* [What this task involves]
All of the data below should be printed again word for word, pictures excluded.

-------- Exercise data --------

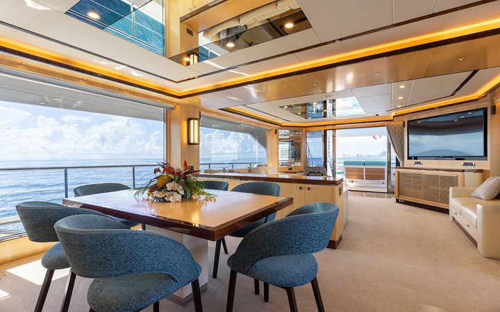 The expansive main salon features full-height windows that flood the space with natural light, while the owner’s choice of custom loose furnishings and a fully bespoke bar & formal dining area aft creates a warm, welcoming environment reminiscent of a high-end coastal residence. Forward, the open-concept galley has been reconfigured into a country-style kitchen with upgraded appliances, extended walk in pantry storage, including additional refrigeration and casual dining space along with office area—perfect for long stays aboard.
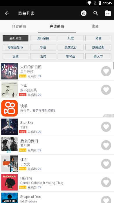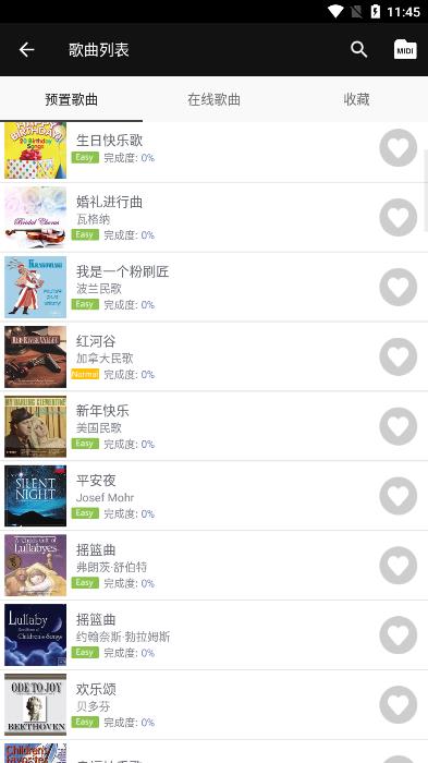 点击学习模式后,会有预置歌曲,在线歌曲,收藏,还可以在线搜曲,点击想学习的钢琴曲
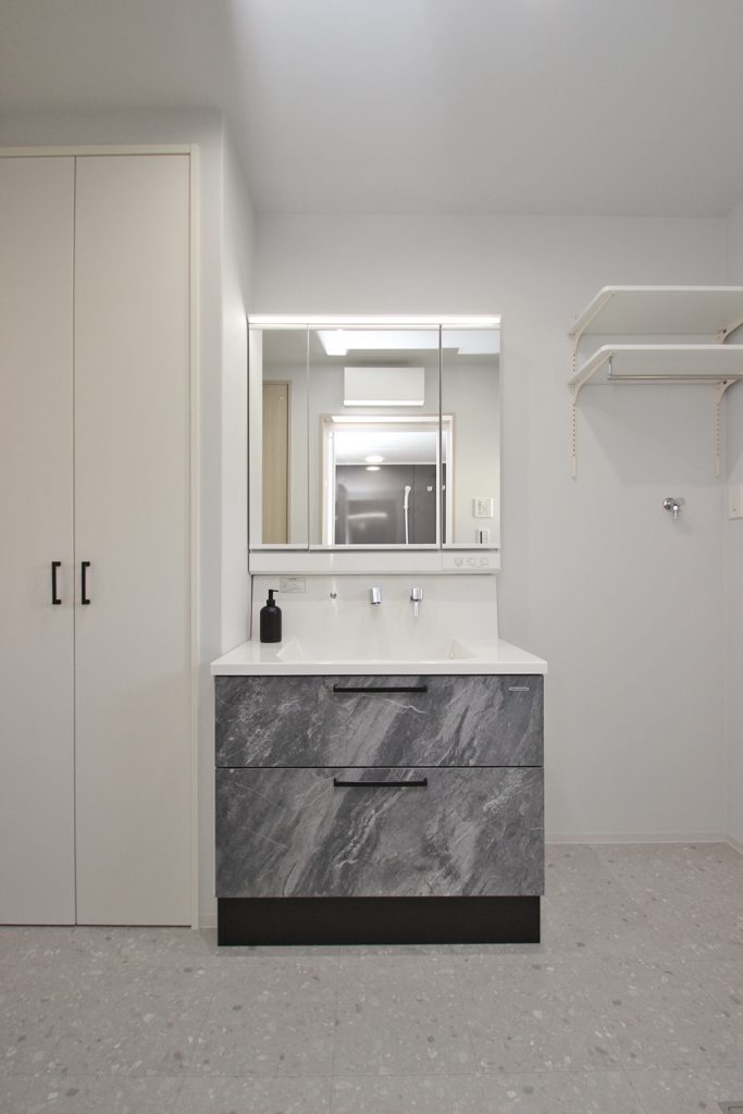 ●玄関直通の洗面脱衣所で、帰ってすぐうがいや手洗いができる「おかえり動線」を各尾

--------

* [Exercise output]
 The expansive main salon features full-height windows that flood the space with natural light, while the owner’s choice of custom loose furnishings and a fully bespoke bar & formal dining area aft creates a warm, welcoming environment reminiscent of a high-end coastal residence. Forward, the open-concept galley has been reconfigured into a country-style kitchen with upgraded appliances, extended walk in pantry storage, including additional refrigeration and casual dining space along with office area—perfect for long stays aboard.
 点击学习模式后,会有预置歌曲,在线歌曲,收藏,还可以在线搜曲,点击想学习的钢琴曲
 ●玄関直通の洗面脱衣所で、帰ってすぐうがいや手洗いができる「おかえり動線」を各尾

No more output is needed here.